1H NMR(400MHz,CDCl3) δ 7.39 (d, J=8.4Hz, 2H), 7.14 (d, J=8.4Hz, 2H), 4.84 (d, J=6.4Hz, 1H), 4.42 3.91 (m, 4H), 2.79 (q, J=7.4Hz, 2H), 1.28 1.14 (m, 9H).19F NMR(377MHz, CDCl3)δ-78.74.13C NMR(126MHz,CDCl3) δ 165.11 (d, J=1.6Hz), 163.76 (d, J=6.9Hz), 161.73,158.32 (d, J=280.2Hz), 142.78,131.31,130.09,121.00,109.08,86.35 (d, J=6.7Hz), (d, J=1.8Hz), 60.92,60.82,39.65 24.70,14.07,13.94,11.46.MS (70eV): m/z (%): 426 (M+, 29.03),428(M++ 2,28.98), 271 (100) .HRMS calculate C19H20O5FBr:426.0478, actual measurement: 426.0474.
Embodiment 26
By 3-(4-bromophenyl)-2-(trifluoromethyl) ethyl acrylate (0.6mmol), benzyl-3-oxo-caproate (0.2mmol) As raw material, other operate reference example 1, stirring 7h under room temperature, silica gel chromatography (petroleum ether: ethyl acetate=20:1), Obtain single fluorine and replace 4H-pyran derivate sterling III-26 (69mg, 69%).

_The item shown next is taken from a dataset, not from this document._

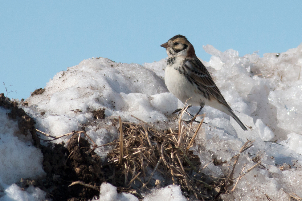 Lapland Longspur or Lapland Bunting. Summertime resident of the Arctic tundra, winter resident of Wisconsin.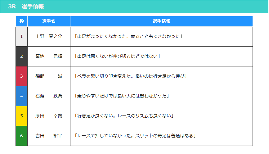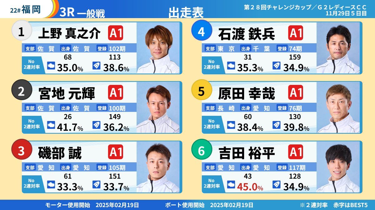 【🏆福岡SG #チャレンジカップ 5日目3R🏆】 舟券予想に役立つ情報をお届け! 福岡3R🔥あなたの予想も教えてね!👀 🚤出走表 🚤オリジナル展示データ 🚤選手コメント 🚤解説者予想 #ボートレース福岡 #チャレンジカップまとめ #持てるスキルフル装備で挑め pic.x.com/UHhHsUIiMe

1H NMR(500MHz,CDCl3) δ 7.35-7.30 (m, 3H), 7.33 (d, J=8.5Hz, 2H), 7.17-7.12 (m, 2H), 7.06 (d, J=8.5Hz, 2H), 5.11 (d, J=12.2Hz, 1H), 5.01 (d, J=12.2Hz, 1H), 4.85 (d, J=6.3Hz, 1H), 4.25 4.01 (m, 2H), 2.74 (t, J=7.2Hz, 2H), 1.71 1.60 (m, 2H), 1.20 (t, J=7.1Hz, 3H), 0.94 (t, J =7.4Hz, 3H).19F NMR(377MHz,CDCl3)δ-78.73.13C NMR(126MHz,CDCl3) δ 165.02 (d, J= 1.6Hz), 163.72 (d, J=6.9Hz), 160.99,158.16 (d, J=280.2Hz), 142.60,135.15,131.33,130.14, (128.51,128.37,128.32,121.01,109.51,86.32 d, J=6.7Hz), 66.80,60.83,39.71 (d, J=1.8Hz), 32.85,20.57,14.05,13.57.HRMS (ESI) calculate C25H24BrFNaO5[M+Na+]: 525.0683, actual measurement: 525.0743.
Embodiment 27
By 3-(4-bromophenyl)-2-(trifluoromethyl) ethyl acrylate (0.6mmol), methyl-4-methyl-3-oxopentanoic acid Ester (0.2mmol) is as raw material, and other operate reference example 1, stirring 7h under room temperature, silica gel chromatography (petroleum ether: Ethyl acetate=20:1), obtain single fluorine and replace 4H-pyran derivate sterling III-27 (66mg, 78%).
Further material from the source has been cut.